2. An article setting out the case for the First Anglo-Boer War of 1880/ 1881 and the continued annexation of the Transvaal; published in The Times (London, Greater London, England), 22 Feb 1881, page 9.
3. A short introduction to some of the key players in the drama will set the stage. Gcaleka inherited the Phalo’s Great House with Rharhabe as his Right-Hand son. When Phalo passed away in around 1775, Gcaleka was the heir of Phalo’s Great House. Rharhabe was his right-hand son. In an ensuing battle for the throne, Rharhabe lost to Gcaleka and the former moved west of the Kei with his followers. The white Colonists would later call this region Ciskei. The region where Phalo resided with Gcalekas Great House later became known as Transkei.

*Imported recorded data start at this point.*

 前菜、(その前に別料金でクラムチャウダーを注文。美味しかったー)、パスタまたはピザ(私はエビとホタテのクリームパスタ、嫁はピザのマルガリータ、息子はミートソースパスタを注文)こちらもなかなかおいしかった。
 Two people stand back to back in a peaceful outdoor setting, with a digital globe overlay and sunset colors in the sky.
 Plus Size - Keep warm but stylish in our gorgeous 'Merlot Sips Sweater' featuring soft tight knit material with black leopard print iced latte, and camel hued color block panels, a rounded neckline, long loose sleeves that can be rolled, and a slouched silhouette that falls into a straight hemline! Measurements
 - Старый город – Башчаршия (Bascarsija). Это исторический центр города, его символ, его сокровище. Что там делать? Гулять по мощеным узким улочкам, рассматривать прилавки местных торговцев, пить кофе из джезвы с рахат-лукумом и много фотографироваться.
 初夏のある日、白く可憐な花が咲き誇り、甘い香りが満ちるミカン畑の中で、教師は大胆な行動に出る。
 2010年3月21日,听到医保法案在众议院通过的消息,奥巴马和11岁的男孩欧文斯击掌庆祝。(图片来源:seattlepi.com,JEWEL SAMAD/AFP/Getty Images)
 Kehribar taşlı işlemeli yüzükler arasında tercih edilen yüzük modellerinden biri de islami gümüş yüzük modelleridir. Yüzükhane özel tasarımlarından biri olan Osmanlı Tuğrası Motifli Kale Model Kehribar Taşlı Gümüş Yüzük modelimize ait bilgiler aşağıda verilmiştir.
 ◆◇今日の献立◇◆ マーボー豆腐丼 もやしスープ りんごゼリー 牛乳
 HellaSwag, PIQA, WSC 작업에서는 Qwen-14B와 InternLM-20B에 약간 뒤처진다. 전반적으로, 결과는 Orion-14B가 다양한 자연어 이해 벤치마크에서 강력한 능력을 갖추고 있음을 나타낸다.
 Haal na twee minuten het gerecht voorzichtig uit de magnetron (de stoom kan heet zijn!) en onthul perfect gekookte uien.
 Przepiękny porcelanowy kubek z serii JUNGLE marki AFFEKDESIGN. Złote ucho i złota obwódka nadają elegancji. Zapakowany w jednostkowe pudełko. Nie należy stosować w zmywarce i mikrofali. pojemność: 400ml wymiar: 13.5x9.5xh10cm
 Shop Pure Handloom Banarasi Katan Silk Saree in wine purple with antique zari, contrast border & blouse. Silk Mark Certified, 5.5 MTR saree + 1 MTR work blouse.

When Phalo died, Khwawuta succeeded him. West of the Kei, Rharhabe was killed in battle in around 1782 along with his heir, Mlawu. Mlawu’s son, Ngqika became heir apparent, but since he was still underage, his uncle, Ndlambe, was appointed until Ngqika was old enough to rule. Ndlambe was the second son of Rarhabes Great House and Mlawu’s full brother. Back to the east of the Kei River, Khawuta died in 1794. The heir in line as chief of the amaGcaleka was his son Hintsa, who was also to be the ruler of the amaXhosa. Councillors would rule in his place till he came of age. This means that minors ruled both houses east and west of the Kei.
Reference
Laband, J. 2020. The Land Wars. The Dispossession of the Khoisan and AmaXhosa in the Cape Colony. Penguin Randon House.
M’Cater, J.. 1869. Dutch Reformed Church in South Africa. With Notice of the other Denominations. A historical Sketch. Ladysmith, Natal. W & C Inglis.